The other sequel business is when he’s in the rain at night and sonofabitch wouldn’t you know it, fuckin Shikenbaru (Masashi Ishibashi) steps out of the shadows. Yes, that’s the guy whose throat Tsurugi tore out, but he explains in a scratchy robot voice that “I survived so that I could kill you” and that medical advances ensure if you have enough money and determination you can survive anything these days. Even get artificial vocal cords. (I thought this was foreshadowing of the witness he attacked still being able to talk, but that does not come up.)
There’s quite a bit of fighting, often against a whole fuckload of guys.
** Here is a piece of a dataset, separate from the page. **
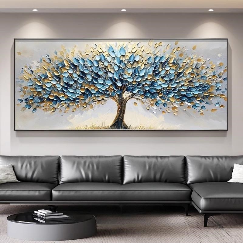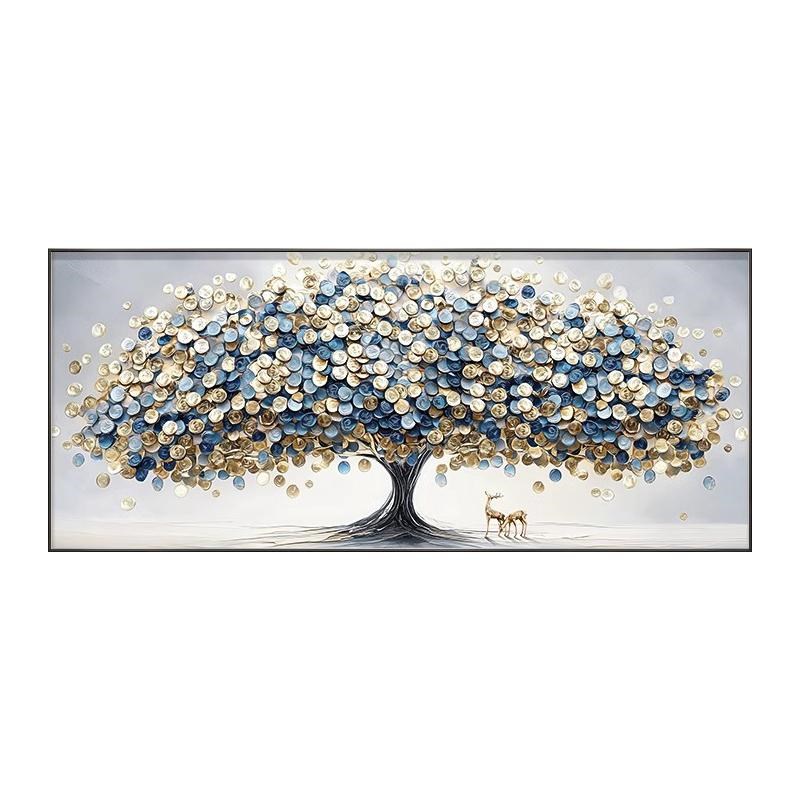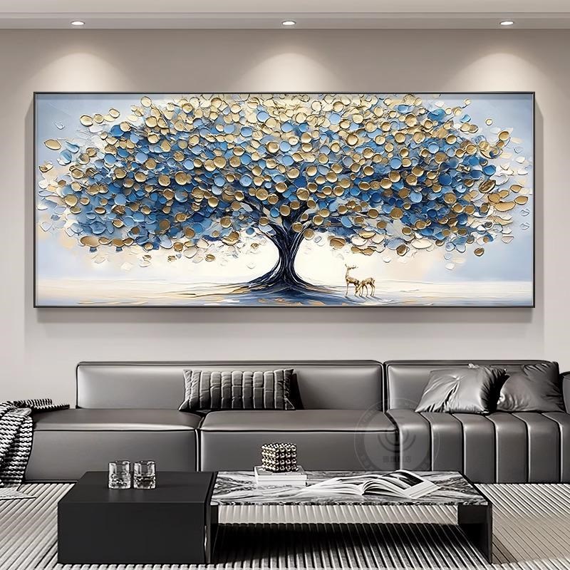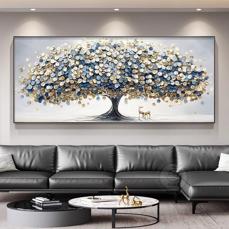 轻奢现代发财树h客厅装饰画简约大气沙发背景墙挂画寓意好横幅壁

In one scene Tsurugi punches a guy so hard in the back of his head that the guy’s eyeballs pop out just like when Jason squeezed that head in FRIDAY THE 13TH PART 3D. In another he fires a gun until it’s out of bullets and then uses it to a stab through a guy’s belly. There’s a really funny scene at a spa where some dude (Shingo Yamashiro, LONE WOLF AND CUB: BABY CART IN THE LAND OF DEMONS), who doesn’t know who he is, randomly starts bragging to him about being a 4th dan, doing moves and babbling about all kinds of stuff. Of course when the shit goes down that guy immediately gets beat up.
Because Masaoka brings together a coalition of martial arts organizations from around the world, the cast includes fighters from a bunch of different countries and even a gwilo (Claude Gagnon, later a writer-director).
Boke is kind of to Tsurugi as Scud is to Blade in BLADE II, in that she’s betraying him and when she confesses it turns out he knew all along. But she’s different in that she tries to redeem herself. After he’s nearly killed she keeps an eye on him for days and then feeds him a banana when he wakes up. Unfortunately, Tsurugi’s helpers have a life expectancy similar to Paul Kersey’s loved ones.
I can’t deny that there are shortcuts taken in this one to make it feature length, but it’s still a solid knuckle sandwich of a movie, lurid and colorful and awesome at all turns. And these are movies that are in the public domain, so many of us have only seen them in shitty transfers, often dubbed. No more. Shout!’s transfers are beautiful, just the right amount of color and grain, not too clean, but likely better than any print ever was. I’m loving this trilogy so far.
September 4th, 2019 at 12:11 pm
My personal favorite of the trilogy. I think it moves better and the cool parts are way cooler.